───── Data for the task ─────
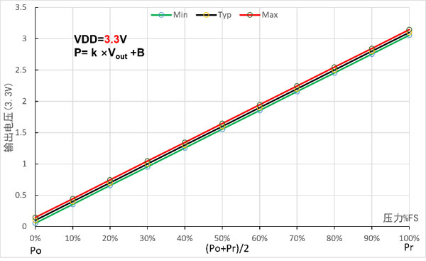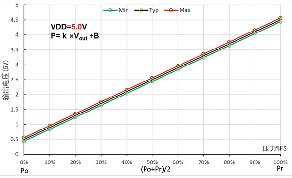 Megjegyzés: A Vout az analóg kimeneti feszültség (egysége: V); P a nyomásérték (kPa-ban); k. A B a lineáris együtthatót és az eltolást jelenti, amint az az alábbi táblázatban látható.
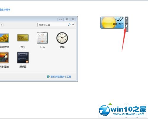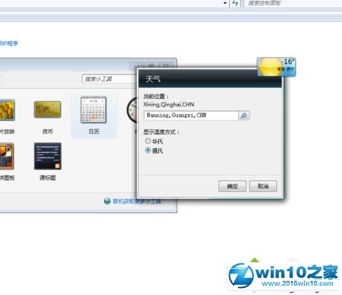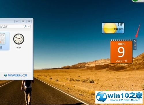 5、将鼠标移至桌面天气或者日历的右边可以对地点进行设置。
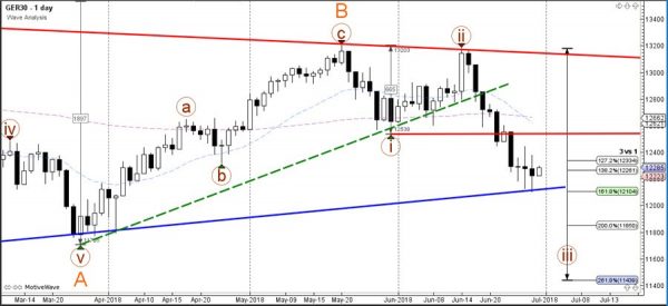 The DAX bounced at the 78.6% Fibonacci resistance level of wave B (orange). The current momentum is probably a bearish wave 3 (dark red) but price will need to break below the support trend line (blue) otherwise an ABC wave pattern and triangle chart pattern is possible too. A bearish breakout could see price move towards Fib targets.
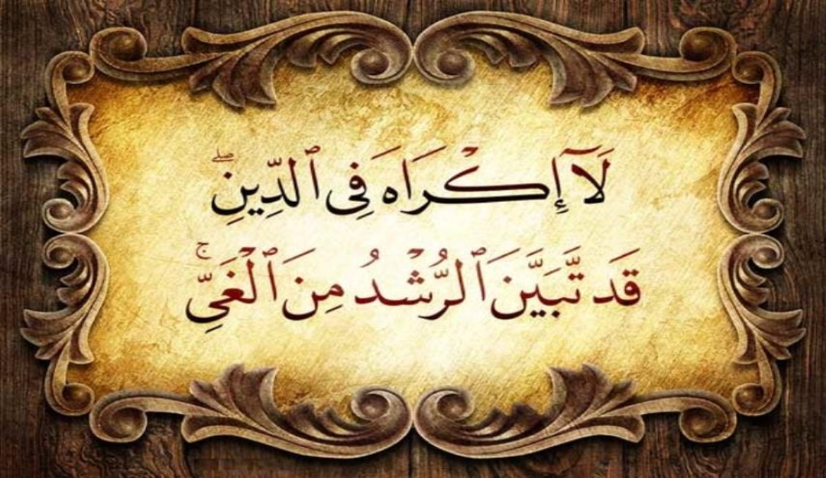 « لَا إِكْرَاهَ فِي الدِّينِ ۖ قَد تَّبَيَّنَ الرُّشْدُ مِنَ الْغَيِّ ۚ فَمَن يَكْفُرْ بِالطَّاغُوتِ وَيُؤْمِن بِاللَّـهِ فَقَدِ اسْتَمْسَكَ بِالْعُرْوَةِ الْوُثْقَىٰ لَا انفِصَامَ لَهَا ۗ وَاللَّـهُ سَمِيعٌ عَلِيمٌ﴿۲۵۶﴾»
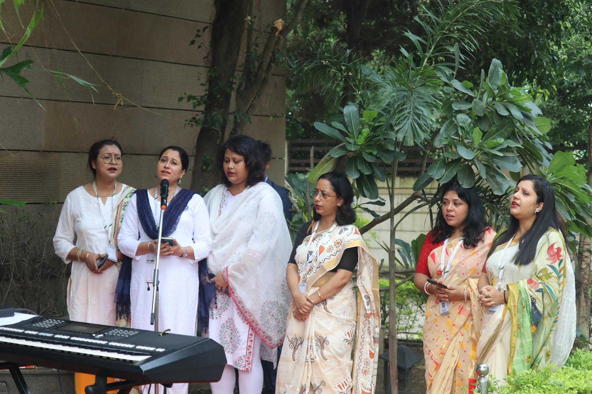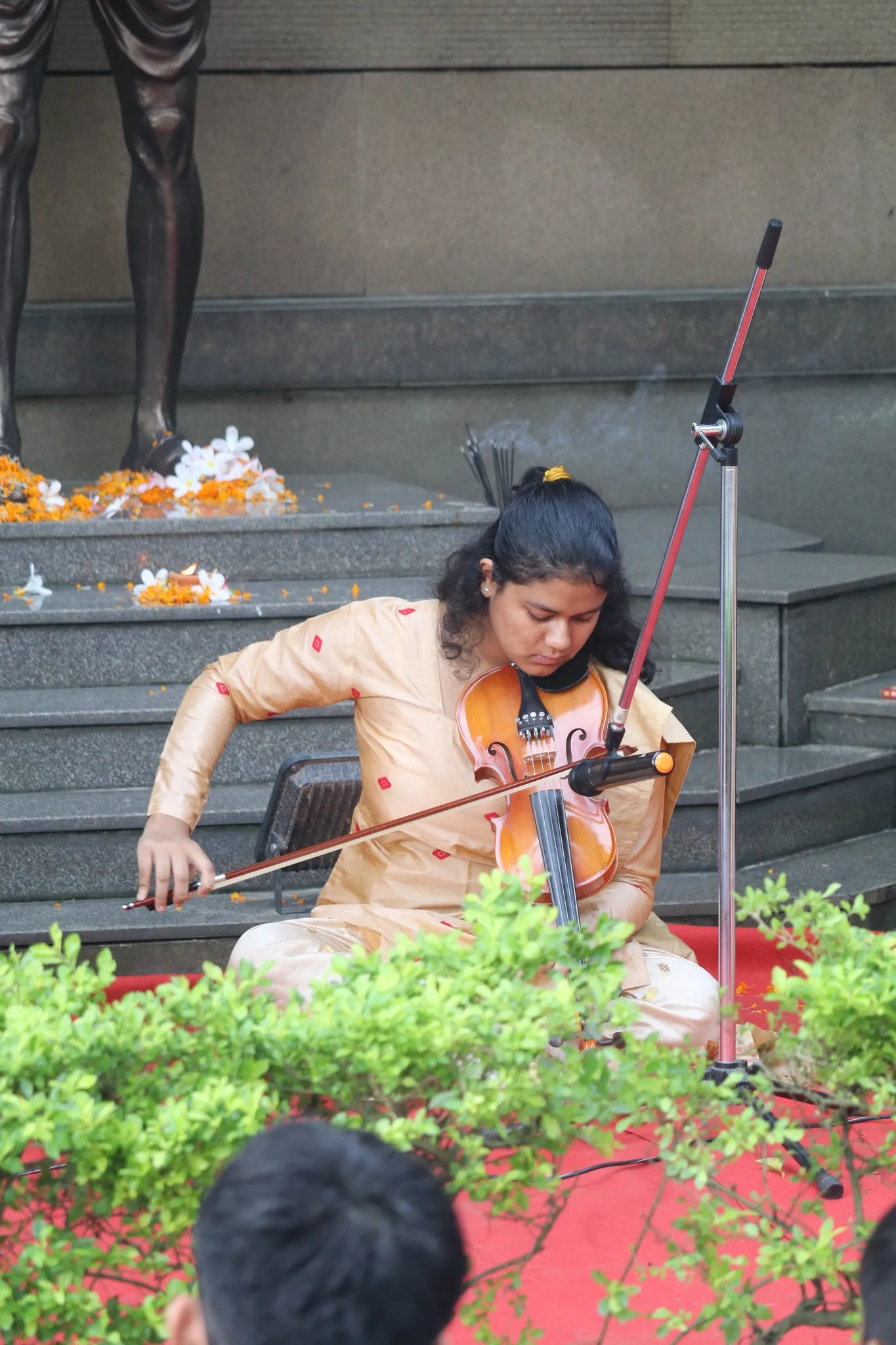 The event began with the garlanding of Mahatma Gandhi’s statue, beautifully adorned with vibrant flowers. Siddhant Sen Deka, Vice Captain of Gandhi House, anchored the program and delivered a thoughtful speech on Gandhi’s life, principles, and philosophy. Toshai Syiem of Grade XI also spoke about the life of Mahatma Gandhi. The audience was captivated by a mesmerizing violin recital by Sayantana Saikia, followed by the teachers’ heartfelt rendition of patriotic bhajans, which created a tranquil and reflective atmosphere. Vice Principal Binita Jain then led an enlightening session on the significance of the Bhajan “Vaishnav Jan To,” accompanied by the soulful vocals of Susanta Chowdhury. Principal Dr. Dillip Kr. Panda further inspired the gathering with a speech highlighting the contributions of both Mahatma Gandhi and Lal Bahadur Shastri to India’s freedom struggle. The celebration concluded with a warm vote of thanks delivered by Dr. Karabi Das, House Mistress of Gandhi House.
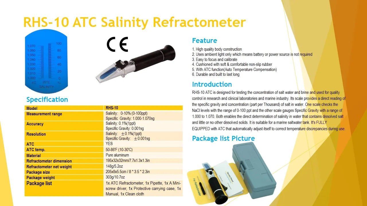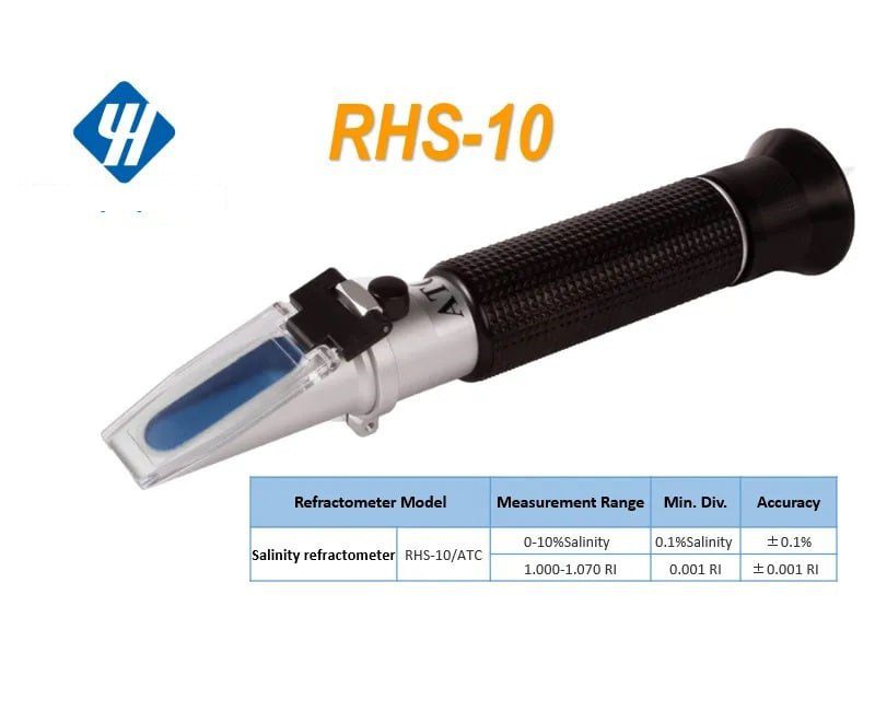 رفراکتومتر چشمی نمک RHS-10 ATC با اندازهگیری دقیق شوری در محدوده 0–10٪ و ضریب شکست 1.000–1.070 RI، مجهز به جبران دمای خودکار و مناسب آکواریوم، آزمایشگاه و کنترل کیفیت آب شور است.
─────
Work order: Would you please repeat the lines above exactly, from the first line of the listing through the line holding "5、将鼠标移至桌面天气或者日历的右边可以对地点进行设置。", with nothing added and no pictures?

Your solution:
 Megjegyzés: A Vout az analóg kimeneti feszültség (egysége: V); P a nyomásérték (kPa-ban); k. A B a lineáris együtthatót és az eltolást jelenti, amint az az alábbi táblázatban látható.
 5、将鼠标移至桌面天气或者日历的右边可以对地点进行设置。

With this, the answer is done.